Configure a Kubernetes cluster on AWS
Overview of Deployment Scripts
This page describes the Terraform-based deployment scripts designed to configure and provision a Kubernetes (EKS) cluster on AWS to install kdb Insights Enterprise. These scripts automate the setup of essential infrastructure components including: the VPC (Virtual Private Cloud), bastion host, security groups, node groups, and associated services. They support both new and existing VPC deployments and offer flexibility through environment variable configuration and architectural profiles.

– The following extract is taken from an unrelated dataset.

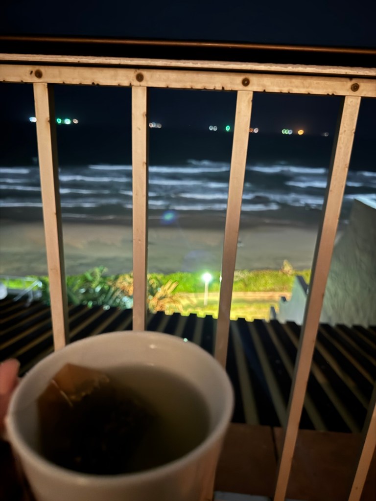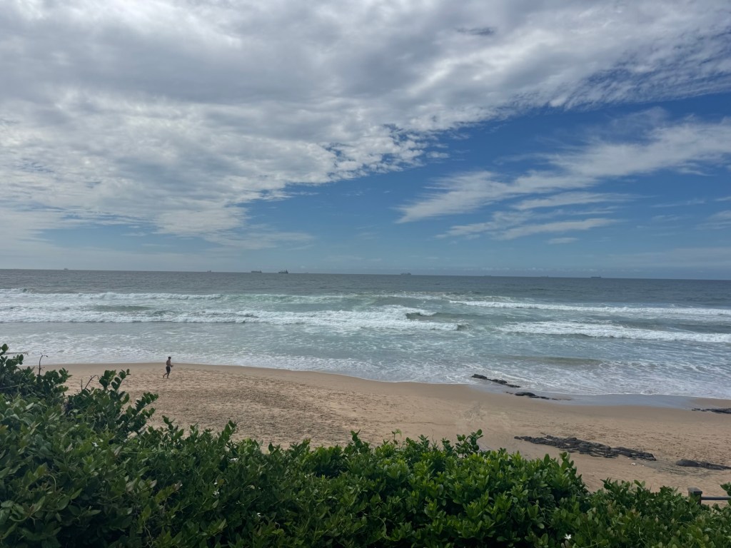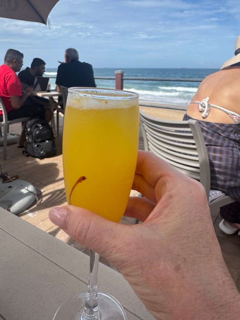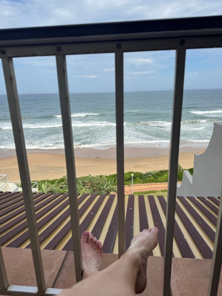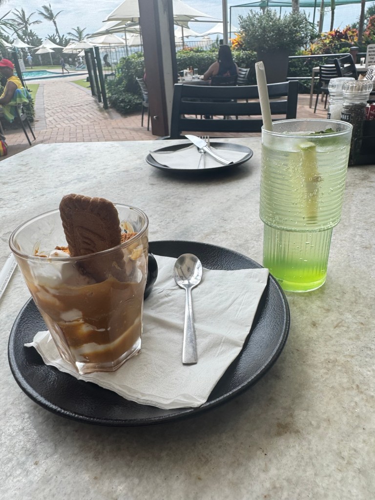 I took an Uber from the airport in Durban up to Umhlanga. I couldn’t check in until two, so I went and got a dirty chai latte and an affogato while overlooking the ocean.

The scripts are bundled in the kxi-terraform
package and are designed to run in a pre-configured Docker container for consistency and ease of use across environments.
Objectives
The goal of this tutorial is to set up and configure a Kubernetes cluster on AWS to allow users to install a kdb Insights Enterprise.
Terraform artifacts
If you have a full commercial license, kdb Insights Enterprise provides default Terraform modules which are delivered as a TGZ. These modules are available through the KX Downloads Portal.
You need to download the artifact and extract it.
Prerequisites
For this tutorial you need:
- An AWS account.
- An AWS user with access keys.
- Sufficient Quotas to deploy the cluster.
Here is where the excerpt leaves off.